Problem
Return every entry below without altering a word.

(Items listed in a dataset)

************

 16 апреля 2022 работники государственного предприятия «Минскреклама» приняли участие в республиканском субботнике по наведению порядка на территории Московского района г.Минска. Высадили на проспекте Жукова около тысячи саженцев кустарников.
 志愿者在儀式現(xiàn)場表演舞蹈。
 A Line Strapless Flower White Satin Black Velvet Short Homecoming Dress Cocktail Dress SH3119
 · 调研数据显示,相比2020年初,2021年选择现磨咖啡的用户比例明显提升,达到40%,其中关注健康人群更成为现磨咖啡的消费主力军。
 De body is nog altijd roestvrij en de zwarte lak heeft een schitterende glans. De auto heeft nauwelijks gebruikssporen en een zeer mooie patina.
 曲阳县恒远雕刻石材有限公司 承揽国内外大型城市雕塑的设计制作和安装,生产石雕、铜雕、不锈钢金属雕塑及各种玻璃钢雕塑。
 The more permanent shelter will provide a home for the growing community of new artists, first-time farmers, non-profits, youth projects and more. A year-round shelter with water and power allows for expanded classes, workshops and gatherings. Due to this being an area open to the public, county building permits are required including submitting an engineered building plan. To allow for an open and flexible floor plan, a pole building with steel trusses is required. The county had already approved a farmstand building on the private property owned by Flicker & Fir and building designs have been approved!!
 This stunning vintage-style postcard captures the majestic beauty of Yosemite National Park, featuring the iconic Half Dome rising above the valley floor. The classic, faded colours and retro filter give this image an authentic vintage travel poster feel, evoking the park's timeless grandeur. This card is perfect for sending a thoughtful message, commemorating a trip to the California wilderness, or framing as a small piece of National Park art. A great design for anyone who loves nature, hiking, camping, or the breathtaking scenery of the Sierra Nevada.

************

Exercise result
 16 апреля 2022 работники государственного предприятия «Минскреклама» приняли участие в республиканском субботнике по наведению порядка на территории Московского района г.Минска. Высадили на проспекте Жукова около тысячи саженцев кустарников.
 志愿者在儀式現(xiàn)場表演舞蹈。
 A Line Strapless Flower White Satin Black Velvet Short Homecoming Dress Cocktail Dress SH3119
 · 调研数据显示,相比2020年初,2021年选择现磨咖啡的用户比例明显提升,达到40%,其中关注健康人群更成为现磨咖啡的消费主力军。
 De body is nog altijd roestvrij en de zwarte lak heeft een schitterende glans. De auto heeft nauwelijks gebruikssporen en een zeer mooie patina.
 曲阳县恒远雕刻石材有限公司 承揽国内外大型城市雕塑的设计制作和安装,生产石雕、铜雕、不锈钢金属雕塑及各种玻璃钢雕塑。
 The more permanent shelter will provide a home for the growing community of new artists, first-time farmers, non-profits, youth projects and more. A year-round shelter with water and power allows for expanded classes, workshops and gatherings. Due to this being an area open to the public, county building permits are required including submitting an engineered building plan. To allow for an open and flexible floor plan, a pole building with steel trusses is required. The county had already approved a farmstand building on the private property owned by Flicker & Fir and building designs have been approved!!
 This stunning vintage-style postcard captures the majestic beauty of Yosemite National Park, featuring the iconic Half Dome rising above the valley floor. The classic, faded colours and retro filter give this image an authentic vintage travel poster feel, evoking the park's timeless grandeur. This card is perfect for sending a thoughtful message, commemorating a trip to the California wilderness, or framing as a small piece of National Park art. A great design for anyone who loves nature, hiking, camping, or the breathtaking scenery of the Sierra Nevada.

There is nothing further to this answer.